In light of problems associated with
the use of fossil energy sources (cost, scarcity, environmental
impact, and geopolitical considerations), the search for new energy
sources is starting to become more important. The paper in discussion
today proposes that a coupled system consisting of brown macroalgae
and engineered bacteria could be used.
Of course there are more traditional
biofuel feedstock sources such as corn and sugarcane. There a couple
of hurdles such as the debate about “food versus fuel” and
technical hurdles such as the degradation of lignocellulosic matter
that need to be solved.
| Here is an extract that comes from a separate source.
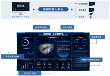 數據可視化平臺可將智慧檔案室內的各類數據實時顯示,化繁為簡,賦能檔案室設備管理自動管理,檔案管理高效化。將傳統枯燥的檔案數據變為直觀清晰的大數據進行展示,對海量數據進行實時、全程、全面的檢測。并且DID拼接屏(液晶電視、引導屏)可上墻展示,檔案室效果盡顯美觀、大氣。

We have previously discussed how microalgaecould get around the difficulties of corn and sugarcane in the production of bioefuels. At the
current time, genetically manipulating these algae is technically
difficult. So Bioarchitecture Labs is proposing the use of brown macroalgae (ak seaweed) as an industrial feedstock.
Why?
The group claims that macroalgae have a
couple of advantages. For one, these macroalgae are grown in sea
water which does not compete with rare sweet water resources. This
also means that macroalgae are not cultivated in agricultural lands
used for food production leaving the “food vs fuel” debate out.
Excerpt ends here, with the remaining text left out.